> [Problem statement]:
What is needed is an exact copy of the records, with the images left out.

Records from a data source:

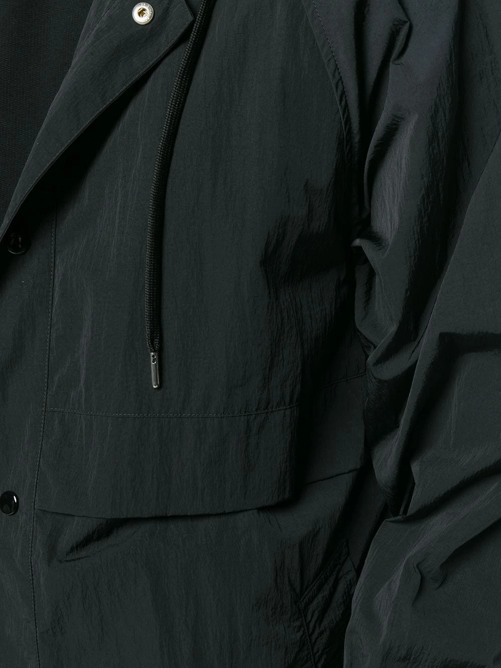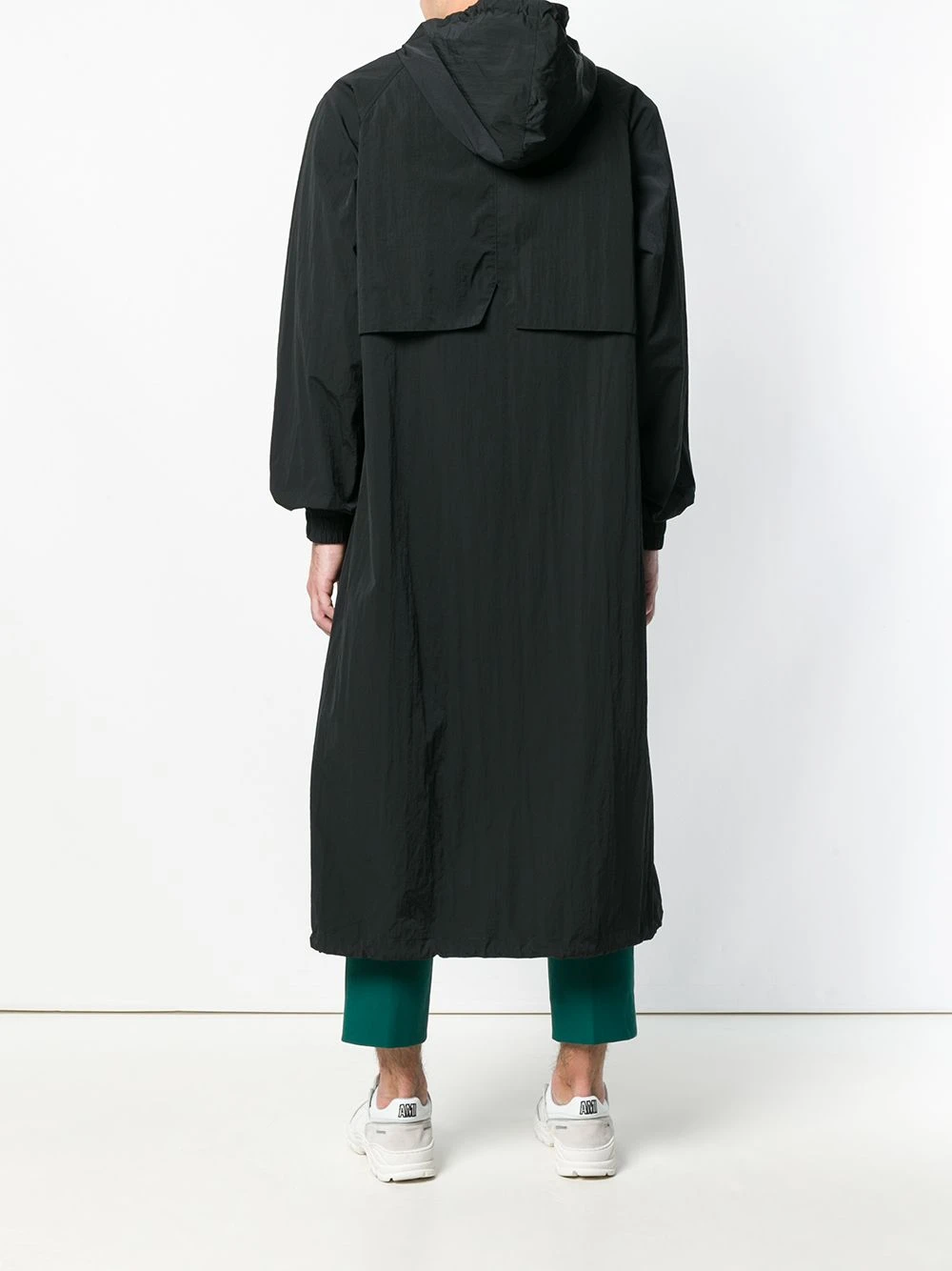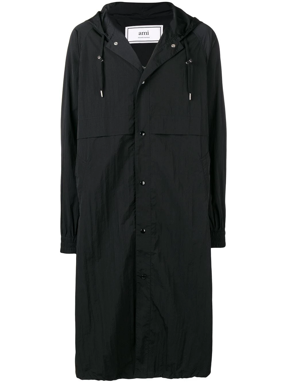 Coupe-vent long à capuche Ami Alexandre Mattiussi avec fermeture à boutons pression, aspect souple, capuche à lien de resserrage, ourlet à lien de resserrage, poignets resserrés et poches latérales. Couleur : noir.
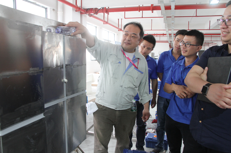 ▲讲师小林成夫正在为学员施工实操作业进行点评。
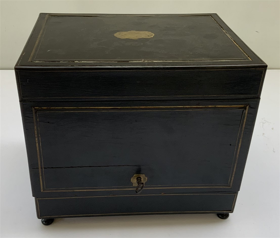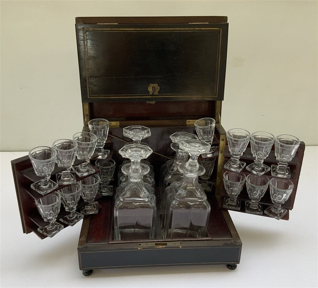 Tantalus con cassa in legno ebanizzato e filettato in ottone contenente quattro bottiglie e sedici bicchierini in vetro. Fine secolo XIX (difetti e mancanze)
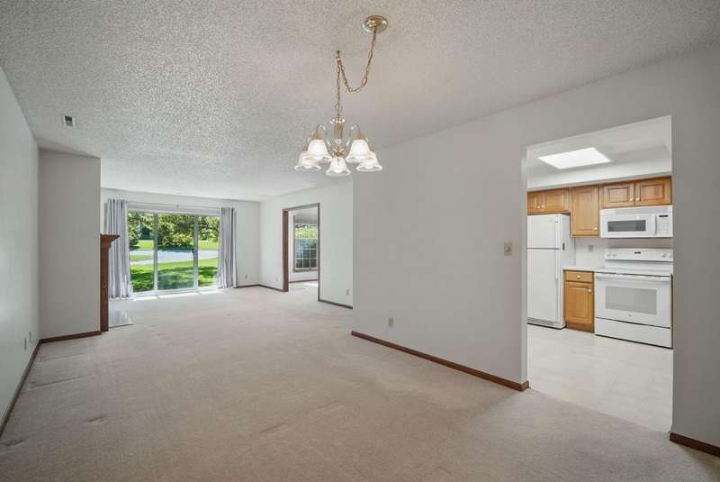 Have you started to worry about the winter yet? No snow worries here because you have a heated underground garage with 2 parking spaces #8 and #9. This is carefree living with no upkeep. Freshly painted and clean main level large unit with spacious living and dining area, 2 bedrooms, 2 full baths and large den/office. The LR electric fireplace has a nice insert and new oversized patio door leads directly to the concrete patio. The kitchen has a tray ceiling and there are extra cabinets. The HOA dues include outside maintenance, roof, building insurance, mowing and snow removal plus the water and sewer charge for each unit. You pay for your electricity use and pay condo insurance for your unit.
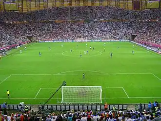 For the first time in history the final was a repeat of the opening match, with Greece and hosts Portugal facing off in a rematch. In the 57th minute Charisteas gave Greece the lead with a header from a corner by Angelos Basinas.[25] Portugal had much of the possession, but the Greece defence was solid and dealt with most attacks. Cristiano Ronaldo had a good chance to equalise in the dying moments, but could not apply a finish. Greece held on to win 1–0, winning the tournament, an achievement considered by many to be one of the greatest football upsets in history, if not the greatest.[26][27][28] Greece captain Zagorakis was named the player of the tournament, having led Greece and made the most tackles in the entire tournament.[29]
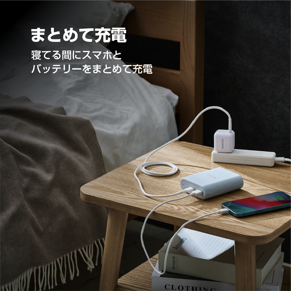 USB-Aポートからは最大18Wでの充電が可能。2ポート同時接続時も合計最大20Wでの出力ができ、iPhoneをはじめとしたスマートフォンやワイヤレスイヤホン、ヘッドセットなどの同時充電が可能です。
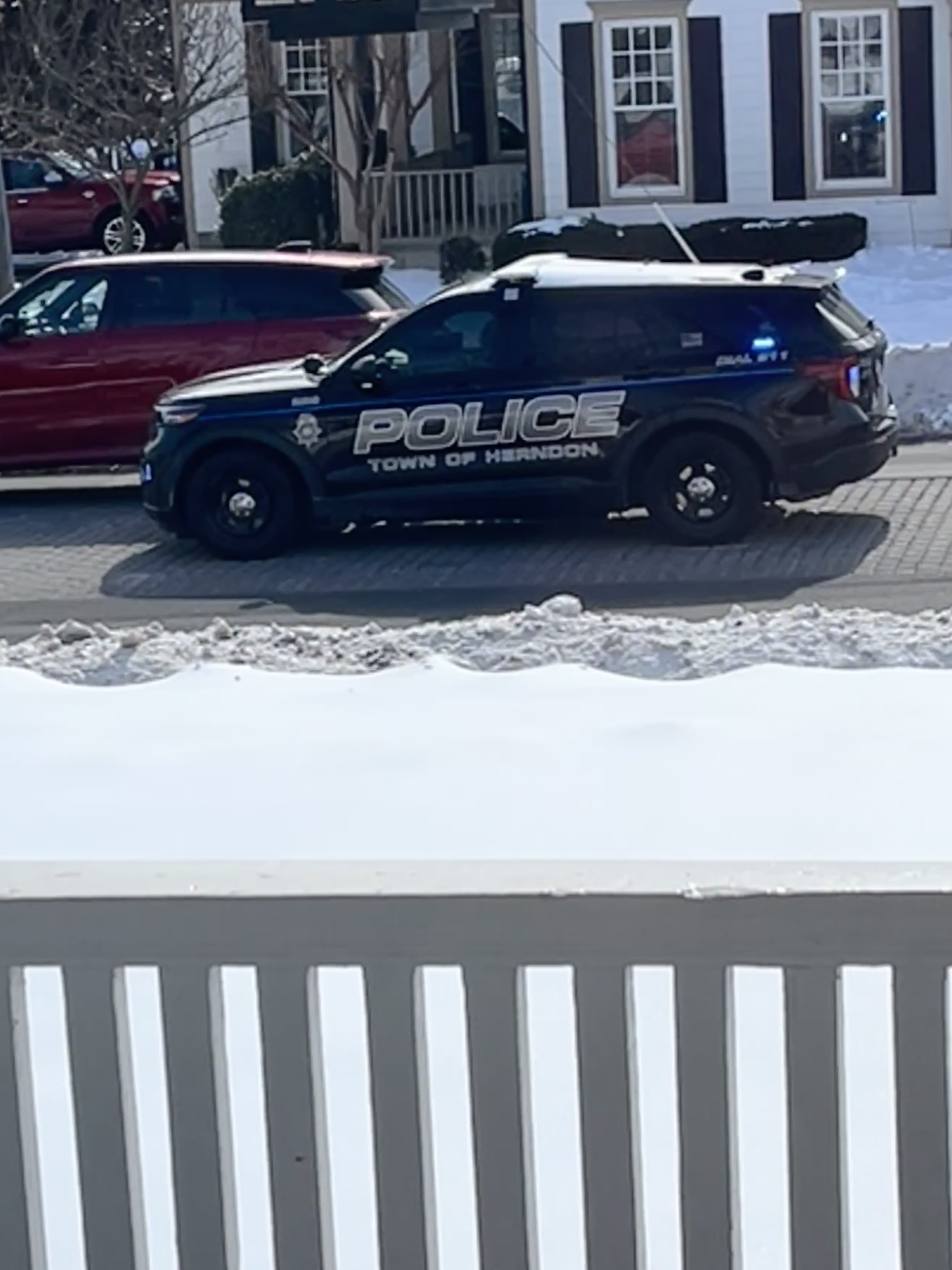 Day 6, Jan. 30: A Town of Herndon police cruiser waits at a red light with a layer of snow on its roof while the car ahead remains completely cleared Friday, Jan. 30. Failing to clear snow from a vehicle roof can create dangerous conditions for trailing drivers, especially with the region's "ice-crete.”
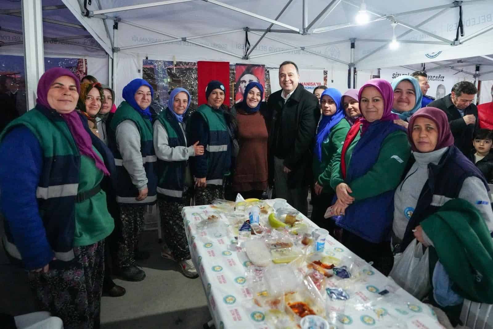 İftar sofrasında konuşan Başkan Dutlulu, sahada görev yapan ekiplere teşekkür ederek, “Şehrimizde normalin üç katı yağış yaşandı ve bu dönemi ancak sizin özverili çalışmalarınız sayesinde hafif atlatabildik. Mazgalları temizleyip her noktaya yetişerek Manisa halkının mağduriyetini önlediniz. Hepinize gönülden teşekkür ediyorum,” dedi.
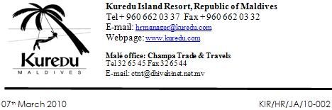 KUREDU ISLAND RESORT HAS THE FOLLOWING JOB VACANCY
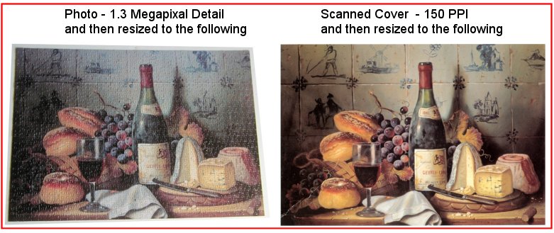 The scanned puzzle cover turned out terrific -- it was scanned at 150 PPI (pixels per inch) and the image was resized to 868 Pixels wide and 595 pixels high as shown below. The reason for the dimensions is, keeping an image less than 600 pixels high and around 900 pixels wide allows for many PC screens and Web browsers to display the image at one time on the PC display. If either dimension of the displayed image is larger than 600x900 I resize the image (using PaintShop Pro) to fit within my desired height/width.
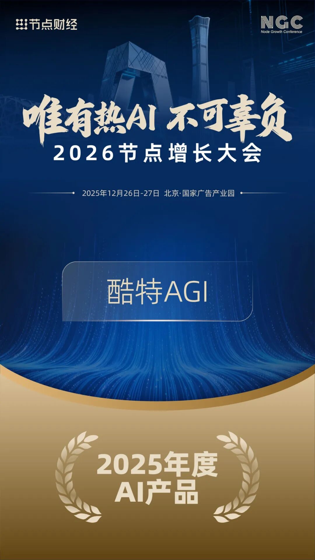 在“唯有热AI 不可辜负 2026节点增长大会”上,由节点财经联合多家行业协会与资深专家共同评选的2025年度系列榜单正式揭晓。其中,酷特智能(300840)所打造的行业级通用人工智能——酷特AGI,凭借在AI赋能实体经济的创新实践与显著成效,成功入选「2025年度AI产品」榜单。

> [Finished task]:
 Coupe-vent long à capuche Ami Alexandre Mattiussi avec fermeture à boutons pression, aspect souple, capuche à lien de resserrage, ourlet à lien de resserrage, poignets resserrés et poches latérales. Couleur : noir.
 ▲讲师小林成夫正在为学员施工实操作业进行点评。
 Tantalus con cassa in legno ebanizzato e filettato in ottone contenente quattro bottiglie e sedici bicchierini in vetro. Fine secolo XIX (difetti e mancanze)
 Have you started to worry about the winter yet? No snow worries here because you have a heated underground garage with 2 parking spaces #8 and #9. This is carefree living with no upkeep. Freshly painted and clean main level large unit with spacious living and dining area, 2 bedrooms, 2 full baths and large den/office. The LR electric fireplace has a nice insert and new oversized patio door leads directly to the concrete patio. The kitchen has a tray ceiling and there are extra cabinets. The HOA dues include outside maintenance, roof, building insurance, mowing and snow removal plus the water and sewer charge for each unit. You pay for your electricity use and pay condo insurance for your unit.
 For the first time in history the final was a repeat of the opening match, with Greece and hosts Portugal facing off in a rematch. In the 57th minute Charisteas gave Greece the lead with a header from a corner by Angelos Basinas.[25] Portugal had much of the possession, but the Greece defence was solid and dealt with most attacks. Cristiano Ronaldo had a good chance to equalise in the dying moments, but could not apply a finish. Greece held on to win 1–0, winning the tournament, an achievement considered by many to be one of the greatest football upsets in history, if not the greatest.[26][27][28] Greece captain Zagorakis was named the player of the tournament, having led Greece and made the most tackles in the entire tournament.[29]
 USB-Aポートからは最大18Wでの充電が可能。2ポート同時接続時も合計最大20Wでの出力ができ、iPhoneをはじめとしたスマートフォンやワイヤレスイヤホン、ヘッドセットなどの同時充電が可能です。
 Day 6, Jan. 30: A Town of Herndon police cruiser waits at a red light with a layer of snow on its roof while the car ahead remains completely cleared Friday, Jan. 30. Failing to clear snow from a vehicle roof can create dangerous conditions for trailing drivers, especially with the region's "ice-crete.”
 İftar sofrasında konuşan Başkan Dutlulu, sahada görev yapan ekiplere teşekkür ederek, “Şehrimizde normalin üç katı yağış yaşandı ve bu dönemi ancak sizin özverili çalışmalarınız sayesinde hafif atlatabildik. Mazgalları temizleyip her noktaya yetişerek Manisa halkının mağduriyetini önlediniz. Hepinize gönülden teşekkür ediyorum,” dedi.
 KUREDU ISLAND RESORT HAS THE FOLLOWING JOB VACANCY
 The scanned puzzle cover turned out terrific -- it was scanned at 150 PPI (pixels per inch) and the image was resized to 868 Pixels wide and 595 pixels high as shown below. The reason for the dimensions is, keeping an image less than 600 pixels high and around 900 pixels wide allows for many PC screens and Web browsers to display the image at one time on the PC display. If either dimension of the displayed image is larger than 600x900 I resize the image (using PaintShop Pro) to fit within my desired height/width.
 在“唯有热AI 不可辜负 2026节点增长大会”上,由节点财经联合多家行业协会与资深专家共同评选的2025年度系列榜单正式揭晓。其中,酷特智能(300840)所打造的行业级通用人工智能——酷特AGI,凭借在AI赋能实体经济的创新实践与显著成效,成功入选「2025年度AI产品」榜单。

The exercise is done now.